Exercise brief: In the entries below, begin at the line with "授業の最後には、今までに一番" and stop after the line with "Get the thigh-high"; output those lines exactly and omit the pictures.

Records for the task:

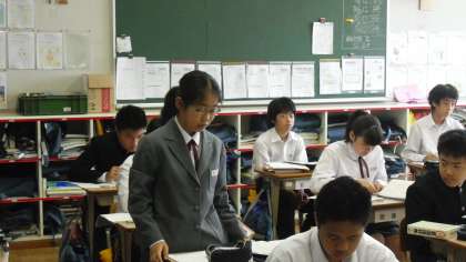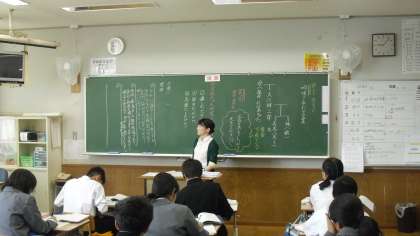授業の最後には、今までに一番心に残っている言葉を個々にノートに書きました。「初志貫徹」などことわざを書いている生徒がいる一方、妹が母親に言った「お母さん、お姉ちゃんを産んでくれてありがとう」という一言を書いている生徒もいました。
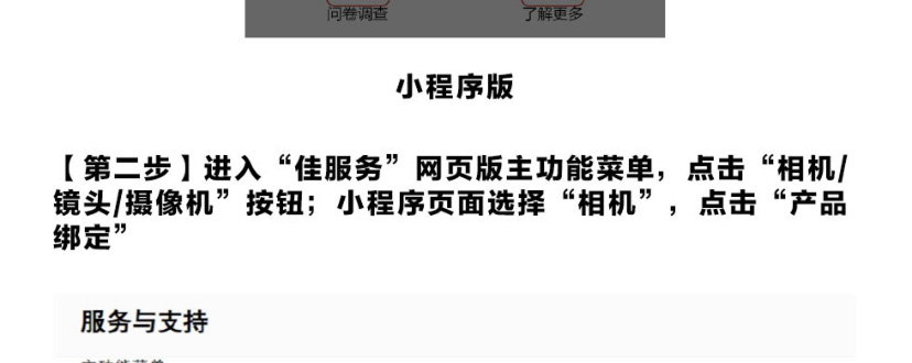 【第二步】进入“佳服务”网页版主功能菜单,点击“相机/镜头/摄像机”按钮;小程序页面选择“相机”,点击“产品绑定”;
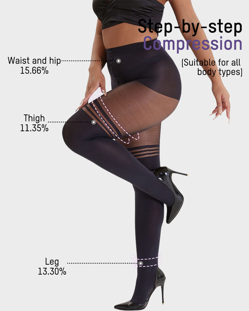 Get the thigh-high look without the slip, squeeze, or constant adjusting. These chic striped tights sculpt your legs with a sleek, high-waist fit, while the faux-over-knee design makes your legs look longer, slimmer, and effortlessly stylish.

---

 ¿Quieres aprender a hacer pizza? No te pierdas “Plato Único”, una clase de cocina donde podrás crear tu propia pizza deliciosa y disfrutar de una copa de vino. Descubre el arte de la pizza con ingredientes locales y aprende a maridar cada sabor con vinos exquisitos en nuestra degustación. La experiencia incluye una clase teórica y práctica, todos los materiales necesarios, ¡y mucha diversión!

Solution to the problem:
授業の最後には、今までに一番心に残っている言葉を個々にノートに書きました。「初志貫徹」などことわざを書いている生徒がいる一方、妹が母親に言った「お母さん、お姉ちゃんを産んでくれてありがとう」という一言を書いている生徒もいました。
 【第二步】进入“佳服务”网页版主功能菜单,点击“相机/镜头/摄像机”按钮;小程序页面选择“相机”,点击“产品绑定”;
 Get the thigh-high look without the slip, squeeze, or constant adjusting. These chic striped tights sculpt your legs with a sleek, high-waist fit, while the faux-over-knee design makes your legs look longer, slimmer, and effortlessly stylish.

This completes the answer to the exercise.